Gravity-induced Entanglement under Constrained Dynamics

TL;DR

This paper shows that gravity-induced entanglement can be observed in systems with constrained dynamics, not just free-fall setups, by analyzing phase accumulation and corrections in such systems.

Contribution

It demonstrates that gravity-induced entanglement protocols are feasible in constrained dynamical systems, relaxing experimental constraints compared to free-fall schemes.

Findings

Deviations from free-fall phase are of order (t/T)^2

Correction to entangling phase remains below 10^{-6} in realistic regimes

Constrained systems like carbon nanotube pendula can still produce observable entanglement

Abstract

Tests of gravity-induced entanglement have been proposed as a route to probing the quantum nature of gravity, but existing schemes rely on free-fall interferometry of massive spatial superpositions, imposing severe experimental constraints. We show that systems exhibiting effectively inertial dynamics in the short-time regime reproduce the same gravitational phase accumulation responsible for entanglement generation.
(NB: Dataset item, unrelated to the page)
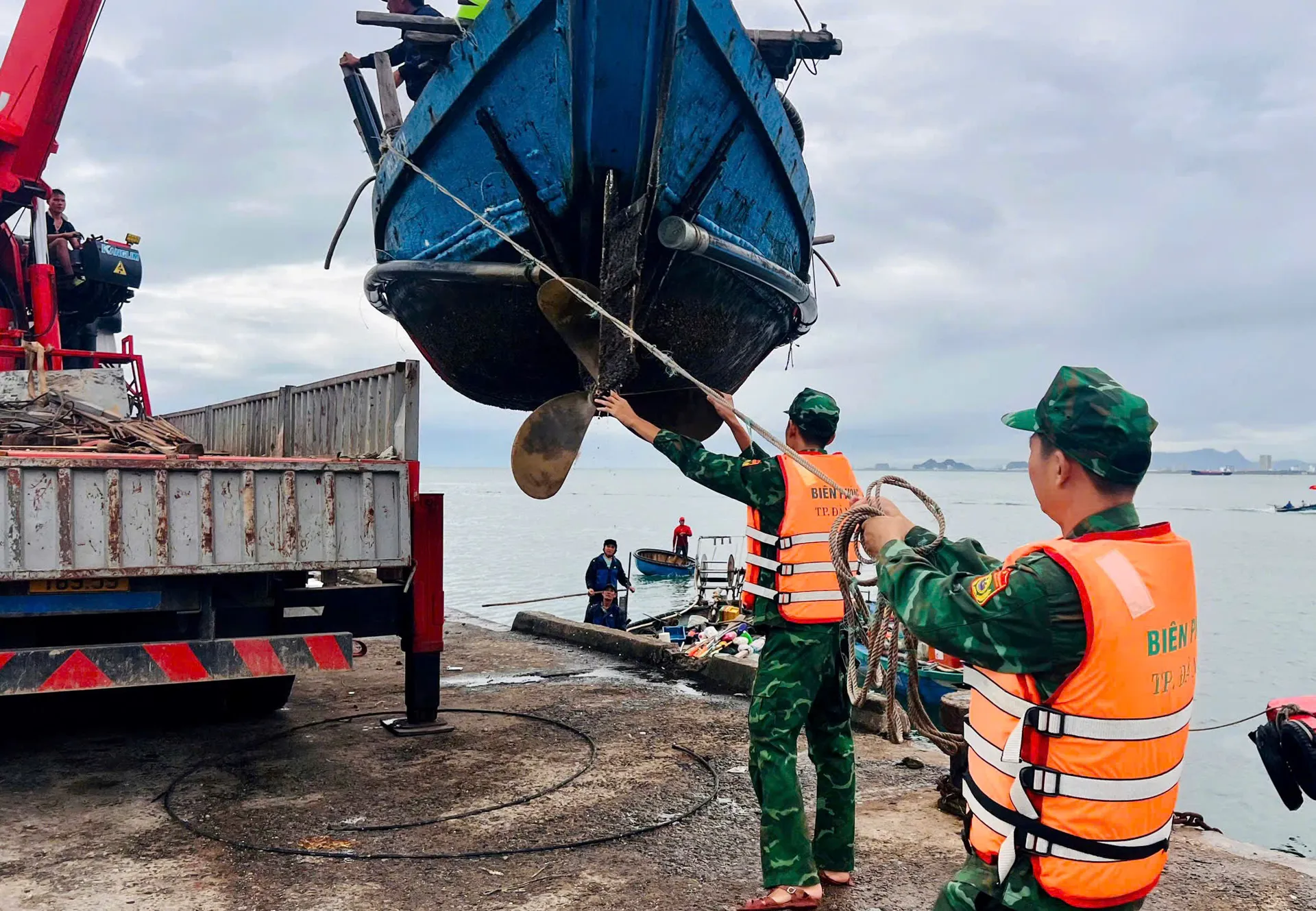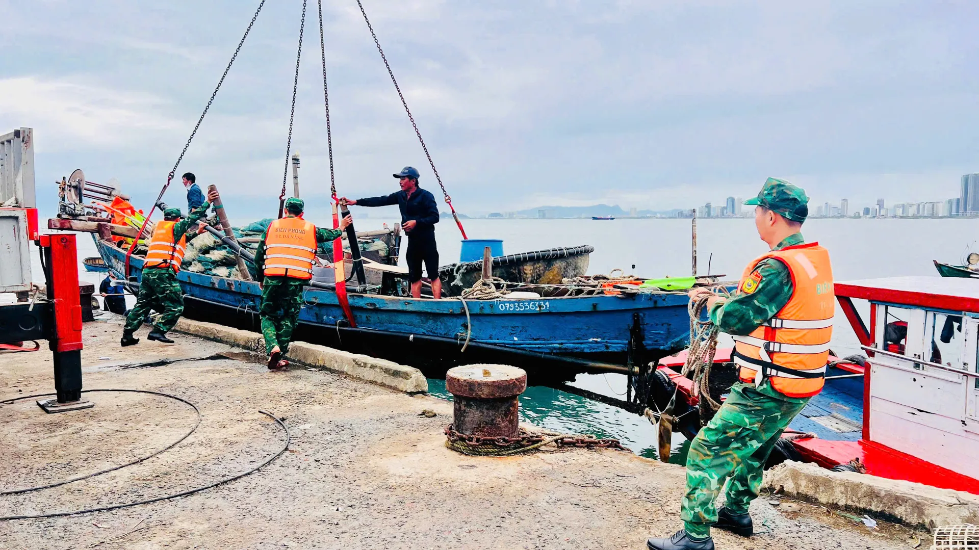 Ngư dân vùng biển được hỗ trợ di dời tàu thuyền vào bờ.

Deviations from the free-fall phase enter at order $(t/T)^2$, where $t$ is the interferometer timescale and $T$ is the characteristic period of the constrained motion. We analyse a representative mechanically constrained implementation using carbon nanotube pendula and show that the resulting correction to the entangling phase remains below $10^{-6}$ in experimentally relevant regimes, leading to a negligible modification of the interference visibility used to certify entanglement. These results demonstrate that gravity-induced entanglement protocols extend beyond free-fall implementations to a broader class of constrained dynamical systems, significantly relaxing the requirements for experimental realisation of the Bose-Marletto-Vedral protocol.